In honor of the 15th anniversary of September 11, 2001, let’s look back at an article originally posted in April and read about, and listen to, William Basinski’s “The Disintegration Loops.”
“I’m recording the life and death of a melody,” said William Basinski during the taping of the Radiolab podcast episode called “Everything and Nothing.”
Basinski created “The Disintegration Loops” by accident. While converting loops of music from old tapes to digital formats, Basinski noticed that the old magnetic tape strips were slowly coming apart and the recordings were actually “disintegrating” into silence. So, what Basinski says during the Radiolab podcast, as poetic as it may sound, is completely true. He’s capturing music taking its last breaths. It’s hard not to think about life and death when you listen to “The Disintegration Loops.”(Read Pitchfork’s review for a great longread.)
The thing that truly makes “The Disintegration Loops” so poignant is that just after Basinski completed the project the 9/11 attacks happened. Basinski and his friends gathered on his Brooklyn rooftop to listen to the music during the last hour of daylight of September 11. The images and the solemn horn loops create a truly powerful piece of art. Both somehow tragic and beautiful. Smoke slowly billows out of the rubble and fades into the sky as the music collapses into silence.

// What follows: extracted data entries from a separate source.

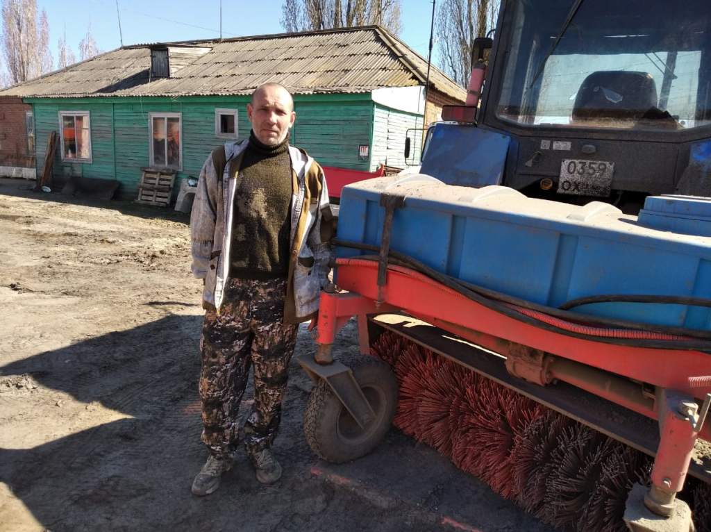 В очистке проезжей части задействовано две единицы техники. Днем на тракторе «Беларус» с навесным оборудованием – щеткой – улицы метет Сергей Николаевич Осадчий.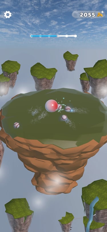 A physics-based action game where the player controls a rolling ball navigating an island environment. The core objective is to eliminate waves of enemy balls by using momentum and collision dynamics. Gameplay is driven by velocity, bounciness, and impact force, allowing the player to strategically push back and knock out opponents. The game emphasizes timing, positioning, and reactive control, creating a fast-paced and engaging experience built around emergent physics interactions.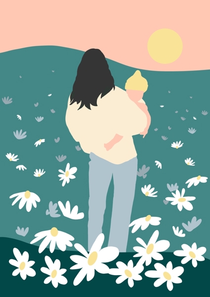 "Motherhood is more than just holding – it’s about showing the world. This minimalist illustration captures that moment: a mother and child on a wildflower meadow, marveling together, deeply connected. A perfect piece for anyone celebrating the beauty of life and family in a fresh, modern way."

Ambient music, and especially “The Disintegration Loops,” is able to completely take us out of moment and allow us to reflect and exist in a different kind of space, somehow both outside of time and very much involved with it. It’s the perfect music for a quiet Sunday morning. Take an hour and let this music wash over you. And when the music slowly fades into silence, pay attention and appreciate all other little sounds that surround you that you might not usually hear.